For similar reasons, CPUs are ill-suited to executing neural networks—that is, taking what they’ve learned about how to identify cats in photos, for example, and identifying them in new ones. Google designed its original TPU for this execution stage. Offering a chip that handles training as well represents a major step forward.
Dean said the company built this new chip at least in part because its machine translation models were too large to train as fast as the company wanted to. According to Dean, Google’s new “TPU device,” which spans four chips, can handle 180 trillion floating point operations per second, or 180 teraflops, and the company uses a new form of computer networking to connect several of these chips together, creating a “TPU pod” that provides about 11,500 teraflops of computing power. In the past, Dean said, the company’s machine translation model took about a day to train on 32 state-of-the-art CPU boards. Now, it can train in about six hours using only a portion of a pod.
That kind of speed advantage could certainly attract outside AI researchers. AI research is an enormously experimental process that involves extensive trial and error across enormous amounts of hardware. “We’re currently limited by our computational resources,” says Isaac Kohane, a professor of biomedical informatics and pediatrics who is exploring the use of neural networks in healthcare and has discussed the new chip with Google.

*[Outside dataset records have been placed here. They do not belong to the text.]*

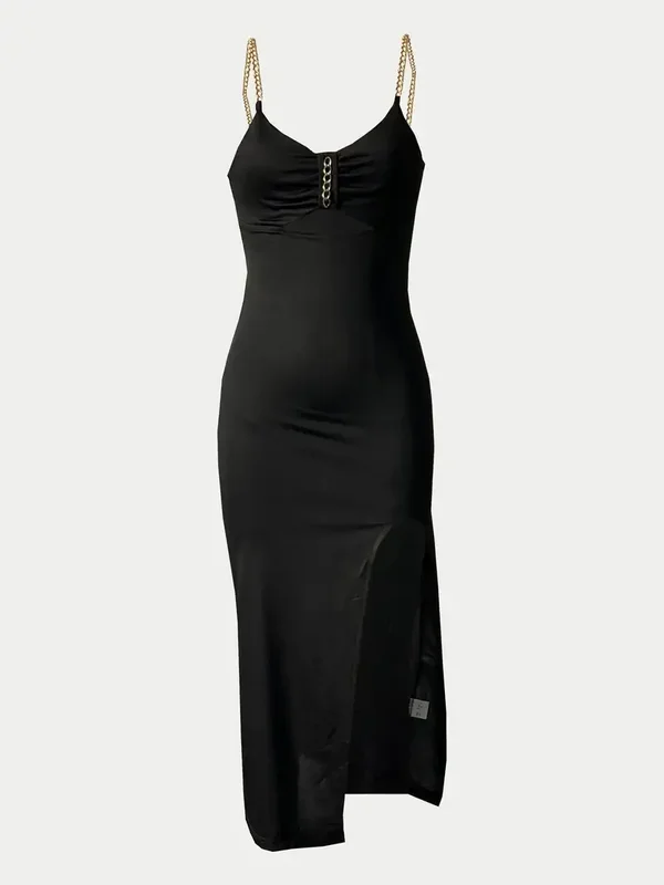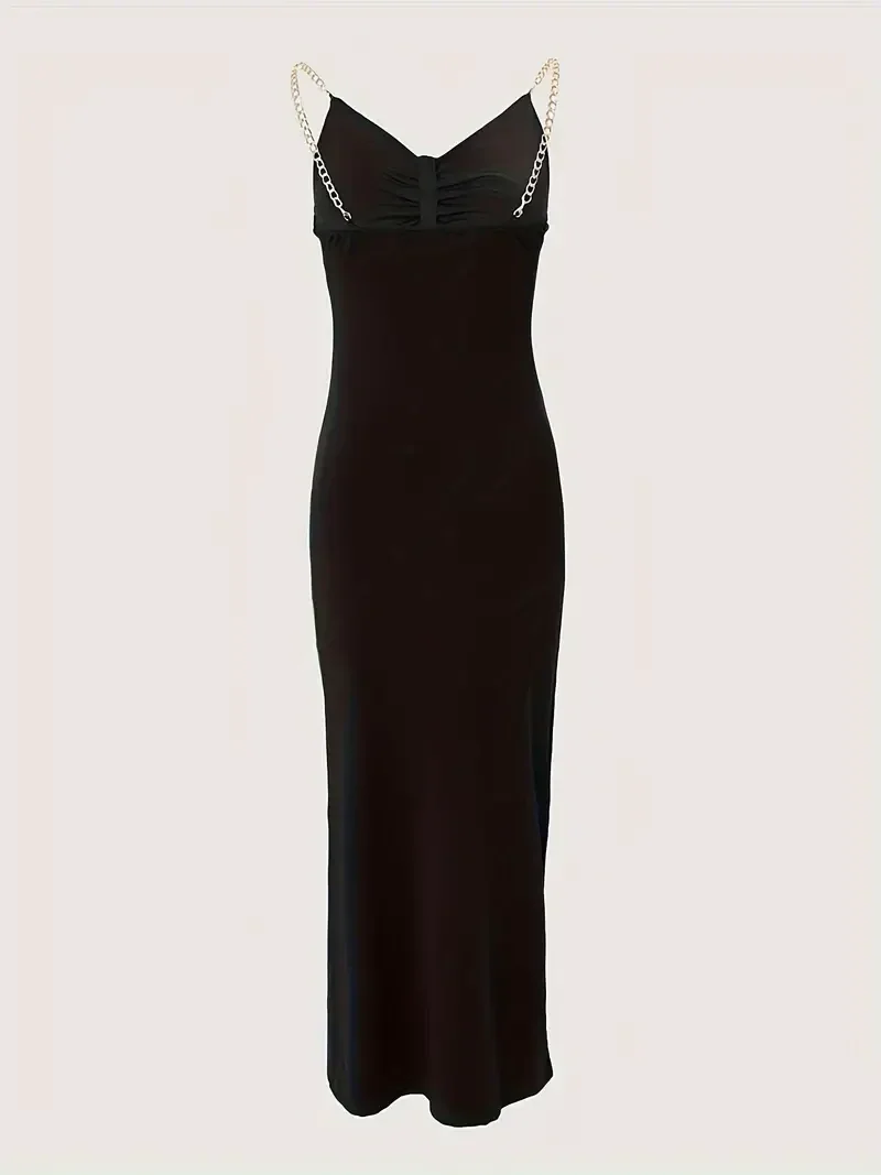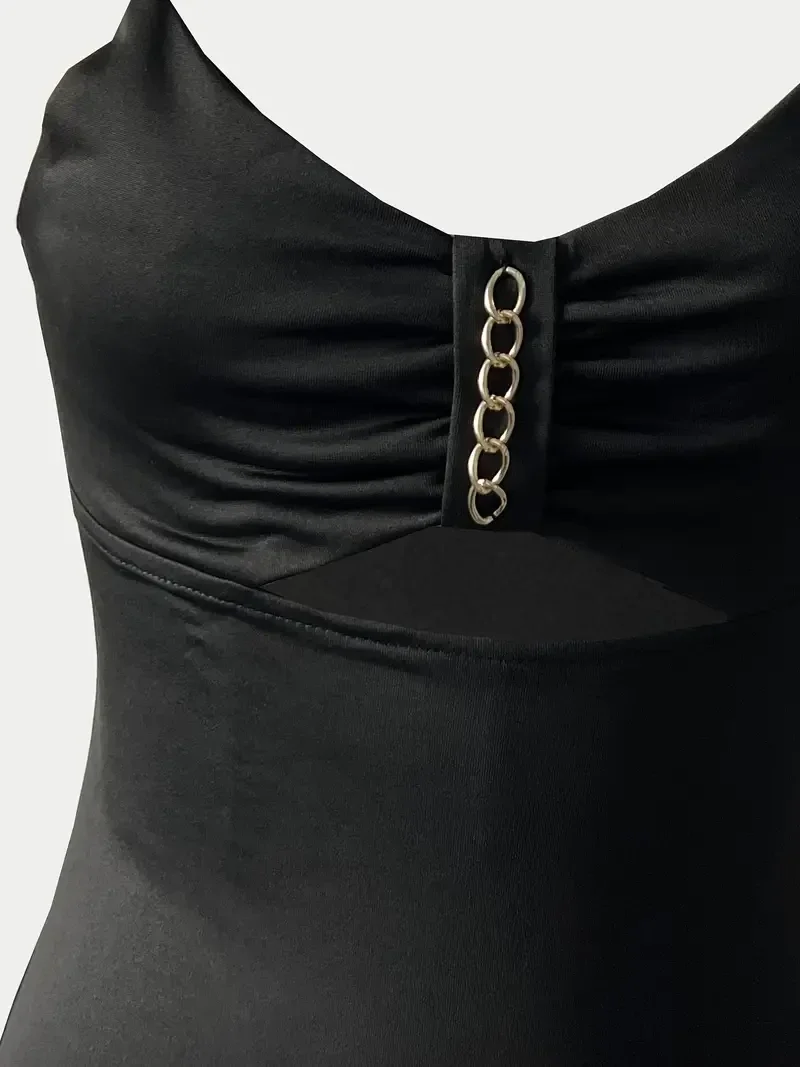 Women's Elegant Chain Strap Bodycon Dress, Sleeveless Cut Out Split Style for Party, Banquet or, for any other occasion.
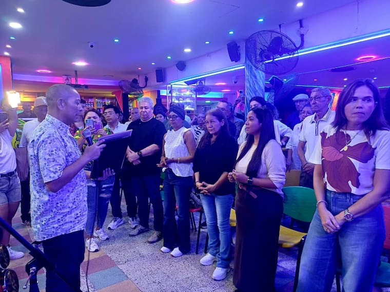 El secretario distrital de cultura, Juan Carlos Ospino y gerente de ciudad, Ana María Aljure, leyeron y entregaron a los familiares del carismático hombre de negocios el decreto No. 0704 de 2025, a través del cual se destacó la labor de gestor cultural y musical de Edwin Madera.
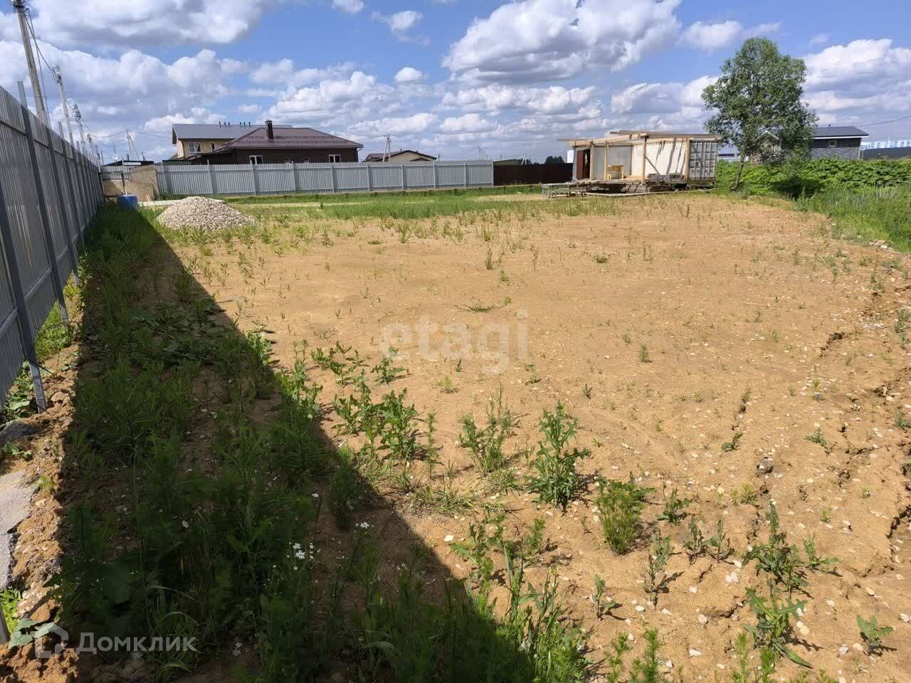 Участок практически треугольной формы.Отсыпан и выровнен под строительство. При желании можно в дальнейшем поднять плодородной почвой.Огорожен с двух сторон забором 2 метра высотой, по третьей стороне идёт пересохшее русло реки. Имеет двух непосредственных соседей по одной границе.
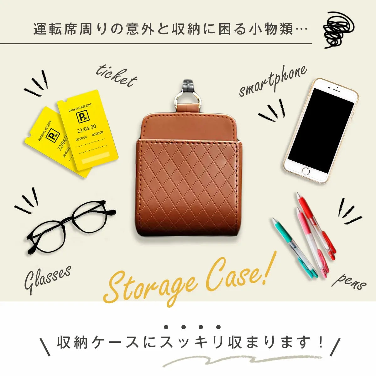 お洒落な車用収納ケース 2個入り |運転席周りの収納に困る小物類をスッキリ収納できる!
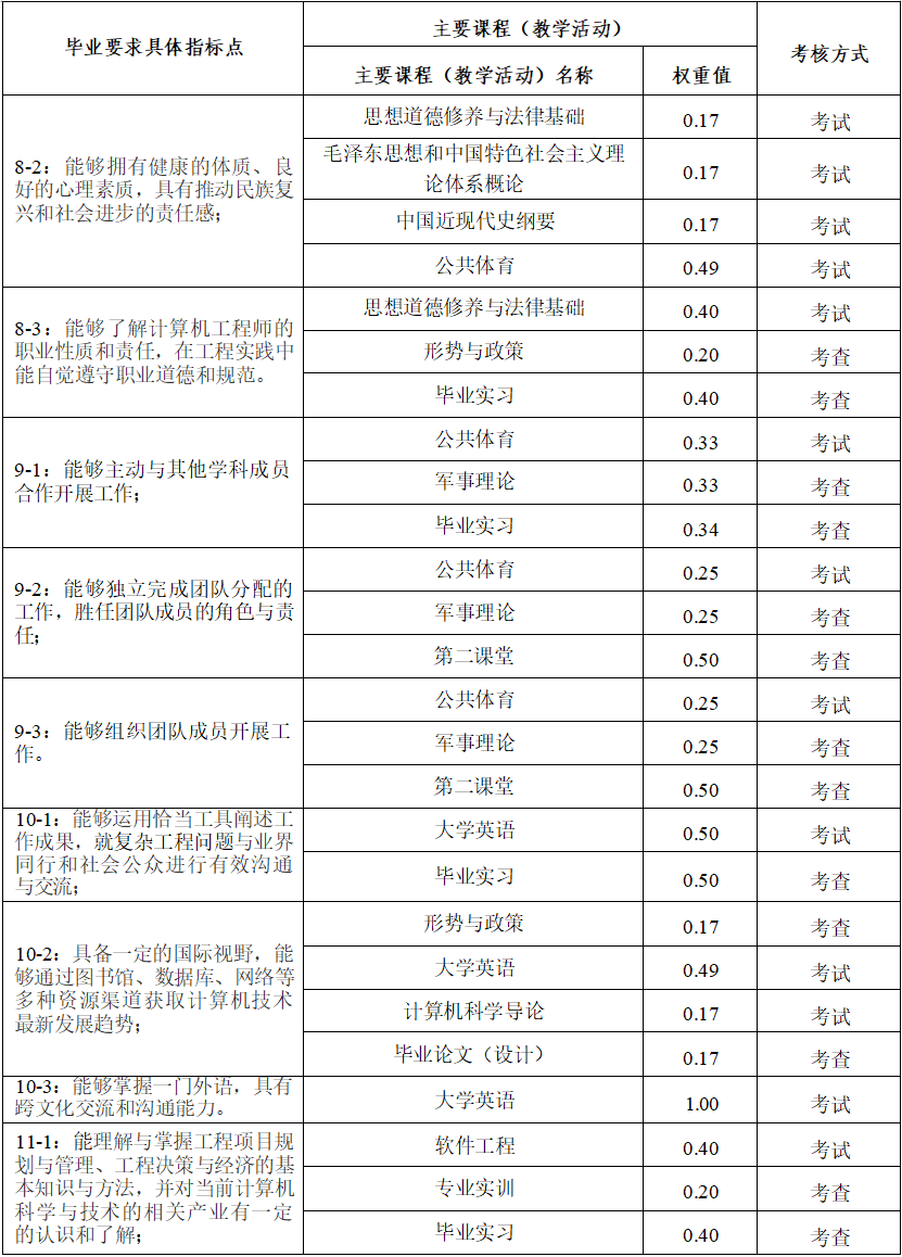 主要课程:高等数学、线性代数、概率论与数理统计、计算机科学导论、程序设计基础、数字逻辑、面向对象程序设计、电子技术基础、计算机组成原理、数据结构、Java 与面向对象技术、微机原理与接口技术、操作系统、离散数学、数据库原理与应用、计算机网络、软件工程、算法分析与设计、编译原理等。
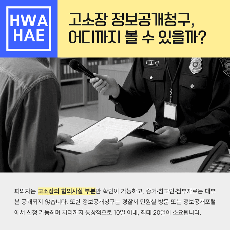 여기서 중요한 것은 바로 조사 일정이 아니라 고소장입니다. 반드시 고소장부터 확인하셔야 합니다. 내가 어떤 내용으로 고소를 당했는지, 상대방이 어떤 사실을 주장하고 어떤 증거를 제출했는지 모르는 상태에서 조사에 들어가는 것은 사실상 대비 없이 시험을 보는 것과 다르지 않습니다.
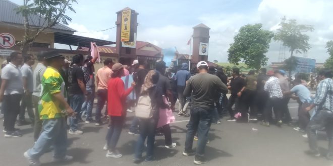 INHU (pelanbarupos.co) – Ribuan massa anarkis geruduk Mako Polres Inhu di Rengat. Pemicunya, seorang warga yang melakukan pelanggaran Lalin justru dianiaya Polisi hingga masuk rumah sakit.
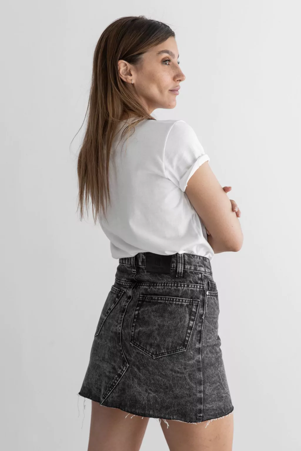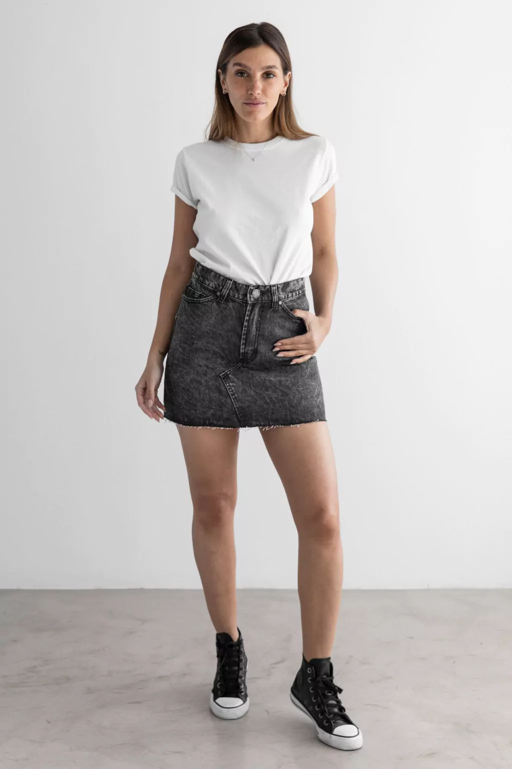 Falda de Jean. Tiro Alto, con terminación desflecada. Lavado: Wash
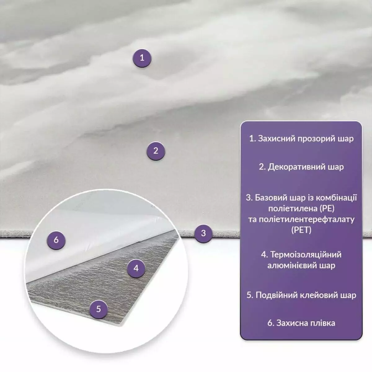 - 3. Ізоляція: плитка має звукову та теплоізоляцію завдяки наявності повітряних прошарків та додатковому алюмінієвому шару;
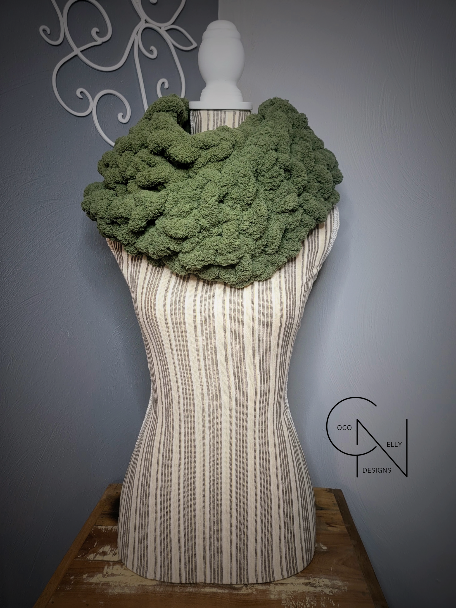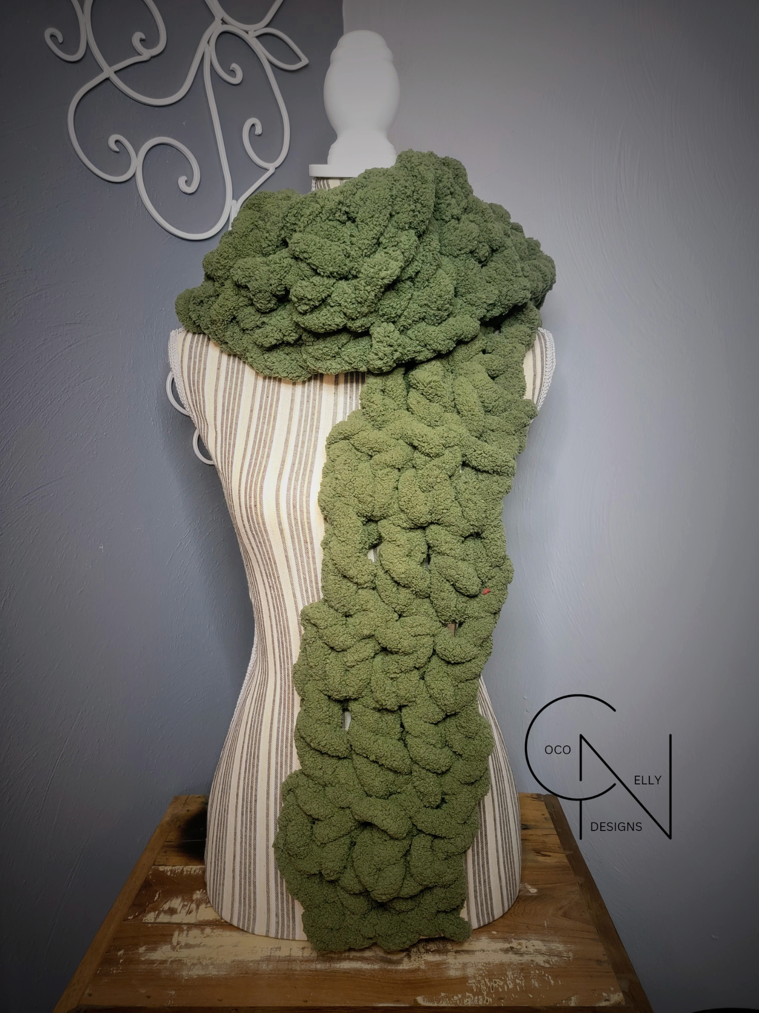 This luxurious and warm Super Chunky Olive Green Scarf is perfect for winter. Adorned with hand-made crochet detail and made using a thick, soft material, this scarf is sure to keep you cozy and protected against the cold.
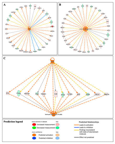 IPA analysis of differentially expressed proteins related to an immune response. (A) the IPA upstream regulators analysis suggests that several proteins differentially expressed with AS treatment are related to the activation of HK by IFN-γ. (B) IPA downstream analysis also showed that numerous differentially expressed proteins are associated with an immune response of HK cells treated with undiluted AS. (C) Finally, IPA upstream/downstream analysis link some differentially expressed proteins with the activation of HK cells by IFN-γ and the induction of an immune response.
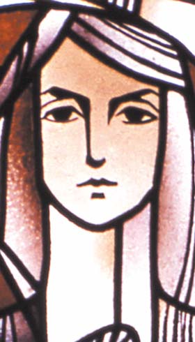 The first window at the entrance presents the company's logo. The blue flower, a key element in the logo, is woven, as a binding theme, throughout the other windows. A muse appears in the window on the second floor to serve as an inspiration for, and a protector of, the arts. The remaining three windows draw from, and extend, the themes developed in the first two windows. I used a white-glass border to remind the observer of a white matte found typically with traditional graphics. |
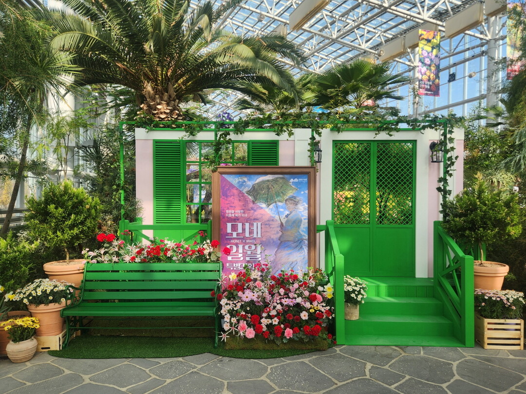 ▲ 일월 수목원 전시온실 입구에 마련된 모네 포토존. [수원시 제공]

But the success of Google’s cloud service will depend not only on how fast the chip is and how easy it is to use, but on how much it costs. Nicholson believes that if Google offers the service at a much lower cost than existing GPU services, it could build a significant foothold for its larger cloud computing efforts. “If they make it free or next to free, people will use it,” he says,” and they will make people dependent on their cloud infrastructure.”
Along those lines, Google has already said that it will offer free access to researchers willing to share their research with the world at large. That’s good for the world’s AI researchers. And it’s good for Google.